Yamaha's Valentino Rossi says he is “quite worried” about the current race pace of the M1, and does not believe the team will have “something new” to make substantial gains for the final MotoGP pre-season test in Qatar.
Rossi concluded the three-day test at Sepang 10th on the timesheets, and 1.1 seconds off of pacesetter Danilo Petrucci on the Ducati.
Yamaha had a new engine to test at Sepang, as it seeks to create a smoother power delivery in a bid to avoid the problems which plagued it across the entirety of the 2018 campaign.
Speaking on Friday, Rossi says he would “suffer” if a race were to be held at Sepang – where he fought for victory last year – now, and admits only some of the updates Yamaha brought to Malaysia worked as expected.
“I'm half happy, because some things worked well and we improve our performance,” he said.
“Something else we expected a lot to work did not bring us what we need. So for me it's good because in the first test we improved something, but we have a lot of work to do because the gap was quite bike.
“But I'm happy about the atmosphere and the ideas inside, because it looks like Yamaha is very concentrated on improving. This is very important.”
He added: “In the time attack, the Ducatis were impressive, and also we don't have [Marc] Marquez [posting representative laps] because of the shoulder problem.
“So in the hot lap we suffer a little bit. About the pace, we are a bit closer. But I'm quite worried still, if we race tomorrow we suffer because we have something else to improve.

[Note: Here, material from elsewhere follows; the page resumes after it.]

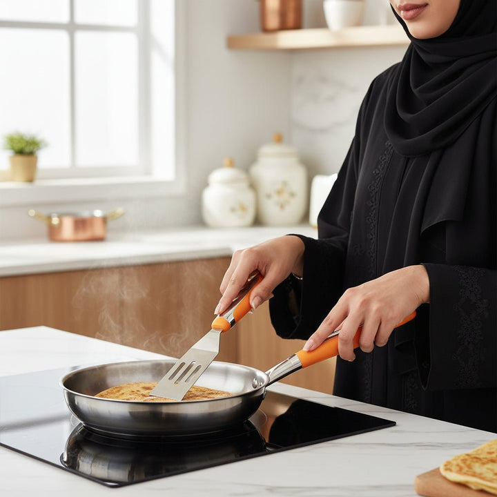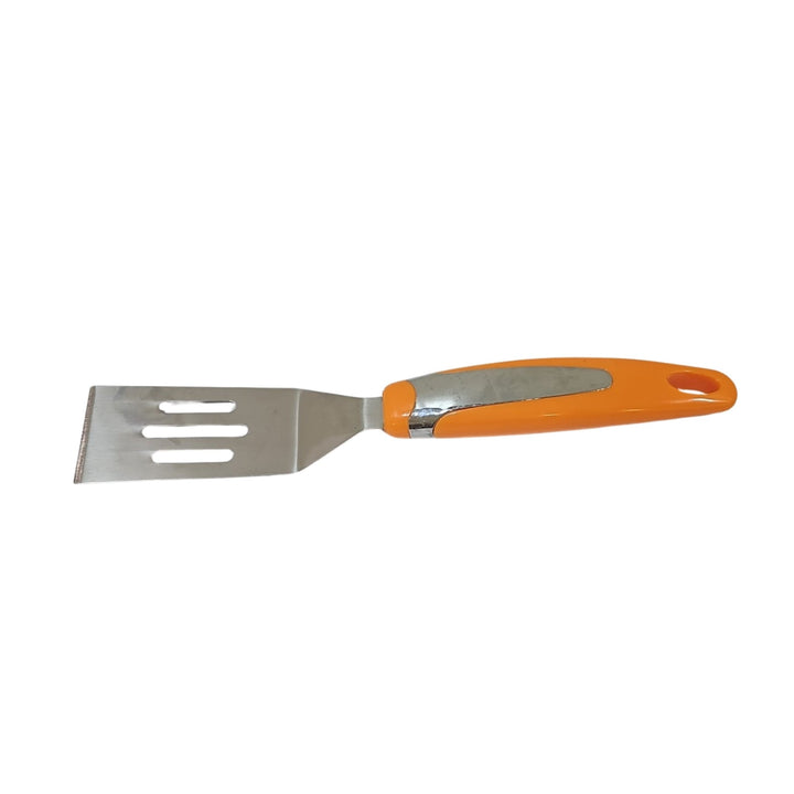 هذه الملعقة الصغيرة لتقليب الطعام تمتاز بتصميم عملي مناسب للاستخدام اليومي، حيث يأتي الجزء المعدني منها مصنوعًا من الفولاذ المقاوم للصدأ ليوفر متانة عالية، بينما المقبض البلاستيكي بلونه البرتقالي يمنحك قبضة مريحة وشكلًا جذابًا مع جزء فضي أنيق. يحتوي الجزء المعدني على فتحات طولية تساعد في تصريف السوائل والدهون أثناء الطهي، كما تحتوي اليد على حلقة مخصصة لتعليق الأداة بسهولة. حجمها الصغير يجعلها مثالية لتقليب الأطعمة الخفيفة والصغيرة.

“So for the first test it's not bad, the Qatar test is in 10 days. But I don't think for Qatar we can have something new. But it's another track, it's another temperature, so will be interesting to understand.”
Team-mate Maverick Vinales, who was fastest on Thursday and fifth on Friday, feels the Sepang test was the first time in his Yamaha career he made constant improvements with the new engine.

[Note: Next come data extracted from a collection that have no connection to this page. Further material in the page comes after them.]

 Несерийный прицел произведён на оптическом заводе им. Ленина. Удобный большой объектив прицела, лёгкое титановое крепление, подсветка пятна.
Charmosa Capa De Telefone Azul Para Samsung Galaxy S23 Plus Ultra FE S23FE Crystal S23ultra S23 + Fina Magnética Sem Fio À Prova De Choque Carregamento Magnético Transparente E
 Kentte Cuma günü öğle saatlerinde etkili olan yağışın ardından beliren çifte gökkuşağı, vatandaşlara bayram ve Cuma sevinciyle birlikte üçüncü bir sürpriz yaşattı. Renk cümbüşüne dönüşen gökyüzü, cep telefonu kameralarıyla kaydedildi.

“Here we only had one [engine specification], so I focused a lot on trying to improve the acceleration side.
“We did it, so it's really important. In these two years, it's the first time we go steps ahead day-by-day, and that's the most important thing.
“Day-by-day the bike was working very similar, and not like last year when it was working good and bad. These three days it was working really good.”